Czech actor (1932–2022)

Ladislav Trojan (1 August 1932 – 18 December 2022) was a Czech actor.

==Biography==
Born in Prague, Trojan began his career as a child actor in amateur theatre. He studied drama at the Theatre Faculty of the Academy of Performing Arts in Prague. As a student, Trojan made his film debut in 1954 film Silvery Wind by Fráňa Šrámek. Between 1959 and 1960, he starred in the first Czechoslovak television series, Rodina Bláhova.
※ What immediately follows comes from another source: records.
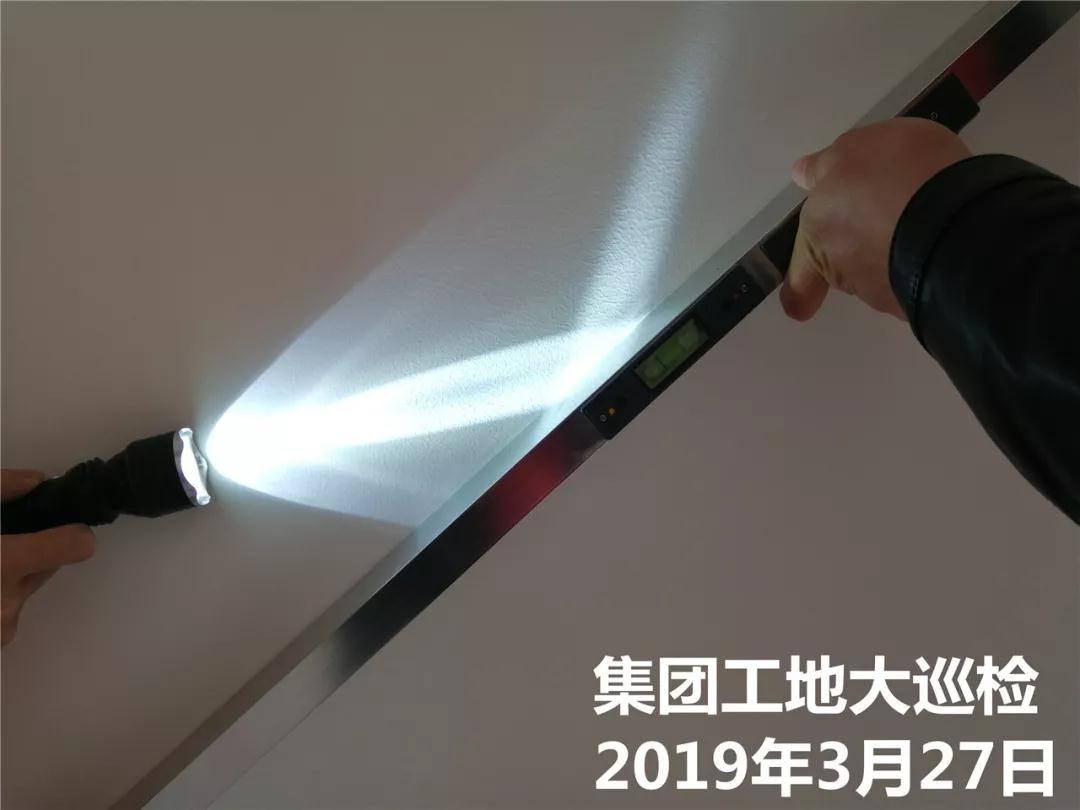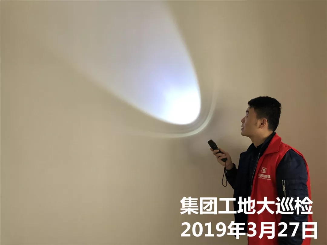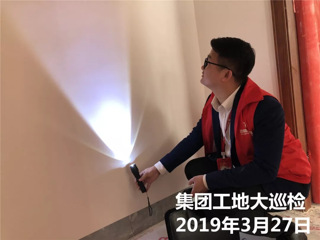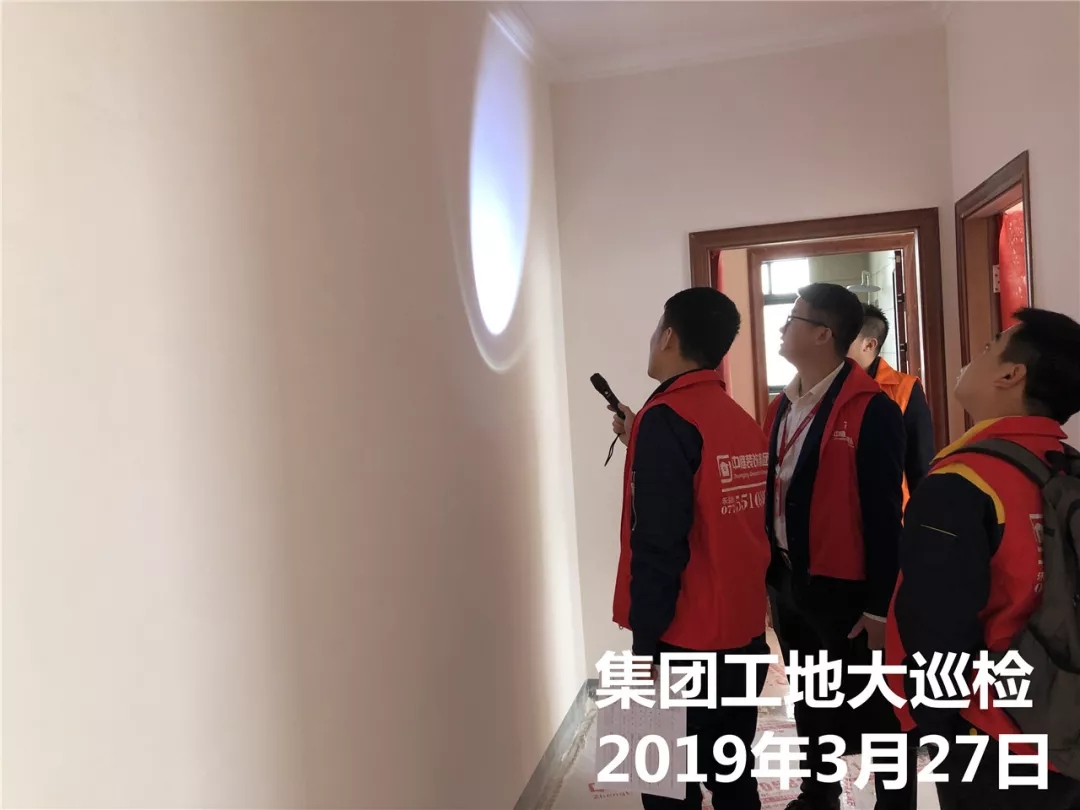 運營部成云總經(jīng)理與張立安總經(jīng)理用強(qiáng)光手電筒檢查墻面膩子施工
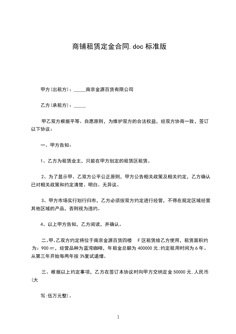 二、甲、乙双方约定将位于南京金源百货四楼F区租赁给乙方使用,租赁面积约为:900㎡,经营品种为蓝湾咖啡,年租金总额为400000元;约定租用时间为6年。从第三年开始每两年按3%复试递增。
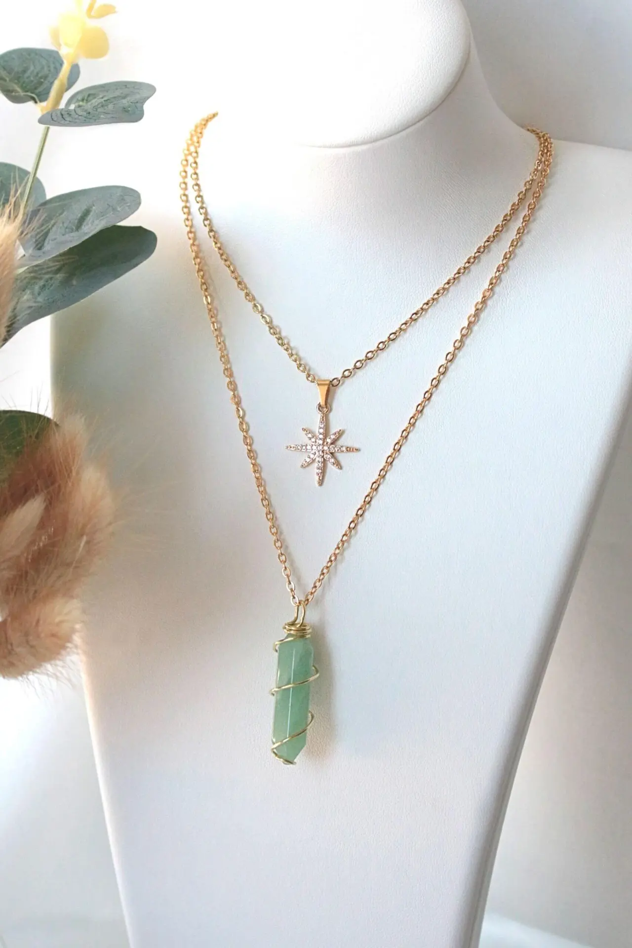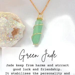 Healing crystal necklace with a double-ended carved pendant of natural crystals with healing properties and hand wired with 18 karat gold plated copper wire.
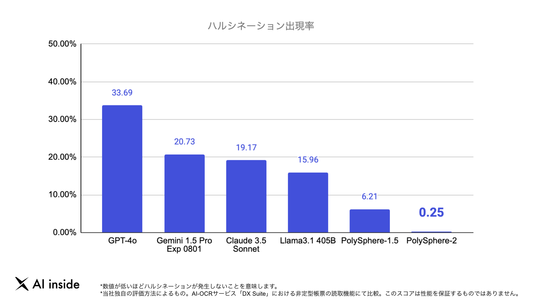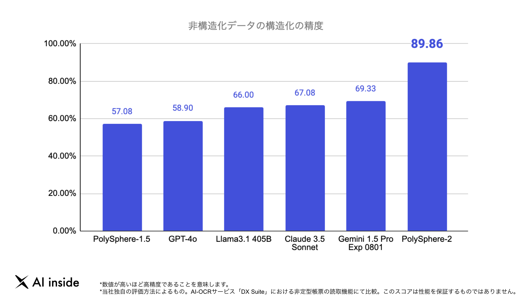2023年6月にローンチした独自LLM「PolySphere-1」に、AI inside が保有するデータを用いて学習を重ねたことで、さらに高性能に進化した「PolySphere-2」を他社LLMと性能検証した結果*1、非構造化データを構造化する精度において、最新の他社LLMを最大30%上回る性能となりました。

Between 1958 and 1965 he was part of the Zdeněk Nejedlý Realistic Theatre stage company, then he joined the Prague City Theatre company, with whom he stayed until 1996. He took part in several Summer Shakespeare Festivals and frequently toured nationally and abroad.

He retired from showbusiness in 2018.

Trojan died in his sleep on 18 December 2022 at the age of 90. He was the father of film director and producer Ondřej Trojan and actor Ivan Trojan.

==Filmography==

His filmography includes over one hundred credits between cinema and television.

- 1960s: Leading role in Tři chlapi v chalupě.
- 1970: Devil and Káča, Czech black and white comedy TV film with Jiřina Bohdalová as Káča, Ladislav Trojan as devil and Jiří Krampol as shepherd.